El Segundo-based fast-casual chain Lemonade Restaurant Group will merge with Denver-based Modern Market Inc., which runs Modern Market Eatery restaurants, to form a new restaurant group with an eye toward franchising its health-focused brands.
Each of the restaurant chains, with a combined 58 locations, will retain their identities.
Beverly Hills-based private equity firm Butterfly Equity, which controls the two companies, declined to disclose the terms.
The Modern Restaurant Concepts group will be led by Modern Market Eatery founders Anthony Pigliacampo and Rob McColgan.
“Both of us are built on super-clean, responsible-sourced ingredients,” Pigliacampo said. “There are not a lot of people behind those things that have the scale.”
The company hopes increasing the group’s heft will provide greater control of a supply chain fed by smaller farms.

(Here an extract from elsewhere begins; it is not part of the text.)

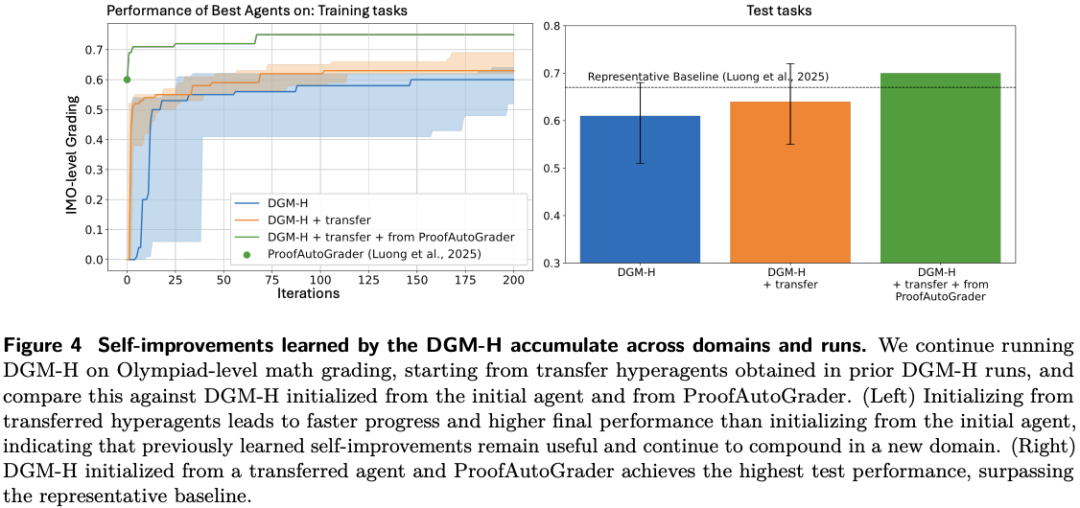 作者把在paper review和robotics任务中演化出来的hyperagents,转移到Olympiad-level math grading。

As part of the merger, the group is looking to jumpstart franchising and licensing agreements with the hire of Jim Sullivan, the former development officer at Carl’s Jr. and Hardee’s parent CKE Restaurant Holdings Inc. At CKE, Sullivan led the company’s domestic expansion efforts.
Pigliacampo said the group will be looking to grow Lemonade, a seasonal, cafeteria-style restaurant focusing on an urban, casual vibe.
“The potential far exceeds doubling its size,” he said.
Expansion of the Modern Market Eatery – what Pigliacampo describes as Panera Bread meets Whole Foods – will be aimed at the interior of the country.
Lemonade Chief Executive Larry Kurzweil will continue as an adviser and operating partner at Butterfly Equity, which invests across the food supply chain from agriculture, aquaculture, food and beverage products, to distribution and retail. The firm took a stake in Lemonade in 2016 with New York-based, global investment firm KKR & Co. Inc., helping to fuel the restaurant’s expansion.
Under the deal, KKR’s stake in Lemonade will be converted and the firm will become a shareholder in Modern Restaurant Concepts alongside Butterfly.
Together the restaurant group will have about 1,500 employees. Most of Lemonade’s administrative team will remain local.